Thursday, August 28, 2014

231 Bottles of Beer on the Wall

Last evening Marty Klaif, Diana Malsky, Harvey Baker and I took Jenny Upton and Dan Questenberry out to dinner.

Among other things all of us have served, at one time or another, on FIC's Oversight Committee (the subgroup that steers the ship between Board meetings) and our "official" excuse for last night's dinner was recognizing that Jenny had recently retired from active duty with the Fellowship. We figured she'd appreciate dinner (and a bottle of Washington State chardonnay) with friends more than a commemorative bowl or a wall plaque.

Dan & Jenny and Marty & Diana live at Shannon Farm in Afton VA. Harvey and I drove there Tuesday for two days of Oversight meetings with Marty (we three continue to be actively involved with FIC while Dan, Diana, and Jenny have gone on to other things)  Even though it was a Wed night (not exactly the high point in a restauranteur's week), we had to wait for a table at the new seafood place in nearby Nellysford, and thus dinner stretched into a three-hour affair. 

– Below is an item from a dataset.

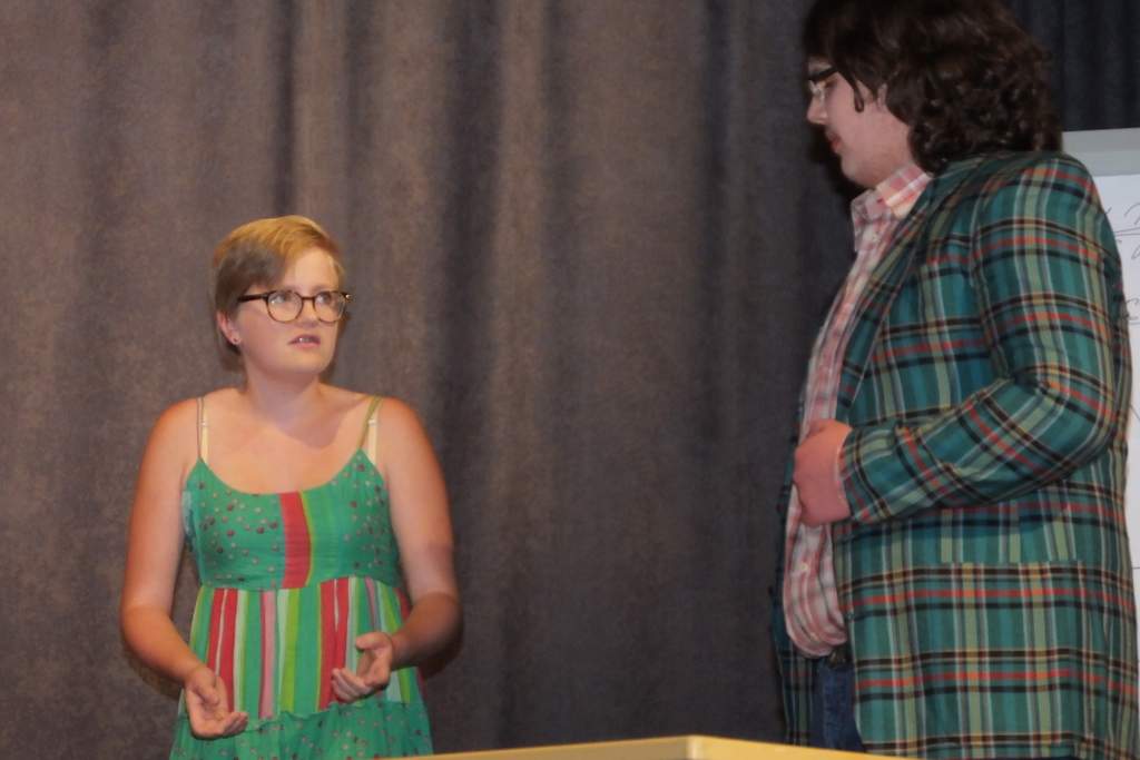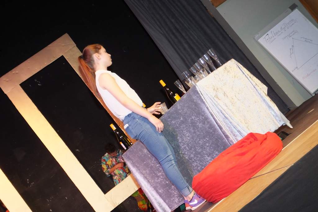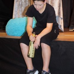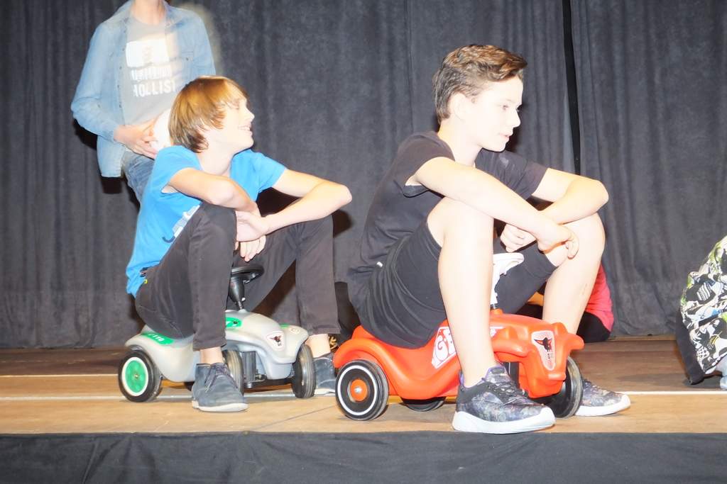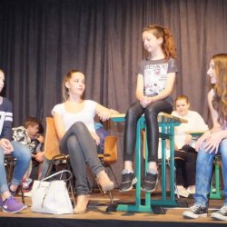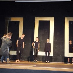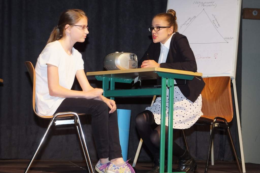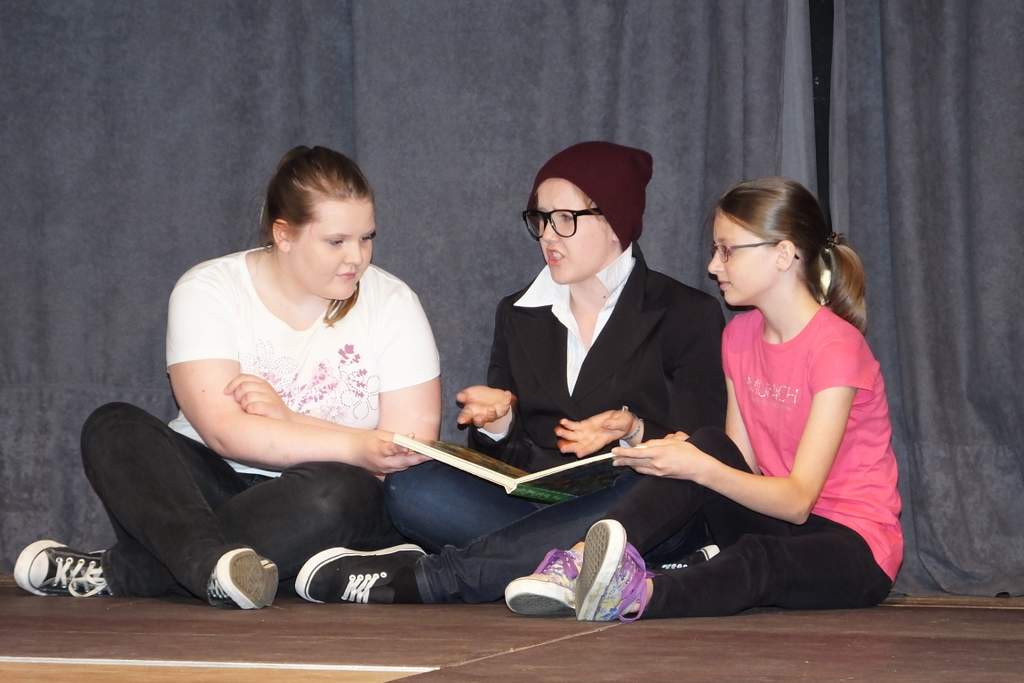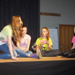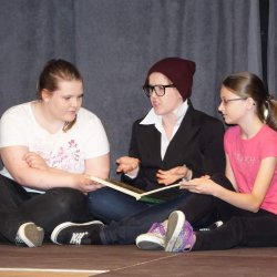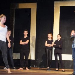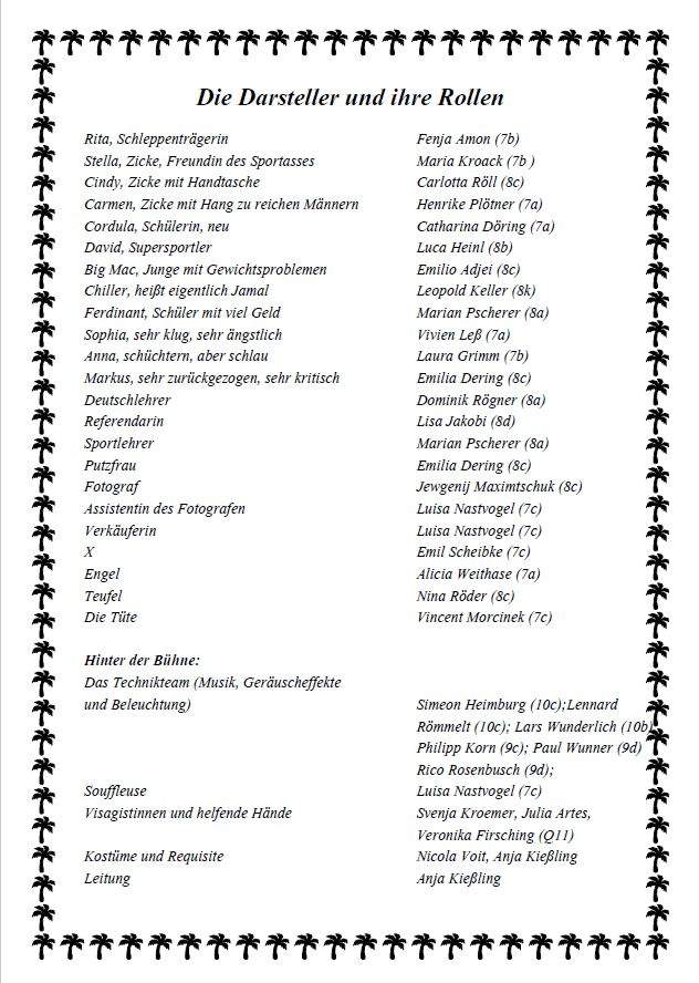 Wir sehen eine typische Gruppe – gibt es hier das „Typische“ überhaupt? – Jugendlicher, die ihren Lebensweg suchen, teilweise aufmüpfig, aber auch schüchtern, teilweise leistungsorientiert, manchmal pubertär mit dem anderen Geschlecht beschäftigt, oder „nur“ auf Sport konzentriert, ohne sich wirklich für die Mitschüler oder „das Leben“ zu interessieren. Da sind sie also, Maria Kroack überzeugend als die zickige Stella, die es ihrem sportlichen Freund, selbstverliebt, aber auch selbstmitleidig auf die Bühne gebracht von Luca Heinl, immer nur recht machen will. Da ist Zicke Nummer zwei namens Carmen, deren Hang zu reichen Männern wohl mit der Lektüre diverser Hochglanzblätter erklärt werden kann, die von Henrike Plötner erschreckend echt dargestellt wird – wie im richtigen Leben eben.

While awaiting delivery of our hors d'oeuvres we calculated that among the six of us veterans we had a cumulative 231 years of community living under our belts—with another six getting tacked on every time we sing Auld Lang Syne. That's a lot of meetings. One of the very best aspects of community living is that you do it with others, and last night was a time to celebrate long standing connections in all directions across the table.

Ankle Boots and Raincoats
While the conversation was free-ranging, the one constant all evening was easy laughter. Which I suppose is as good a marker as any for what it takes to thrive in community. If you can't occasionally step back and be amused by the absurdity of some of the dynamics we encounter in the nutrient-rich environment of community, things can get pretty exhausting. If you take everything seriously, you're at risk of spending every day ankle deep in bile and embroilment, growing ulcers on the side.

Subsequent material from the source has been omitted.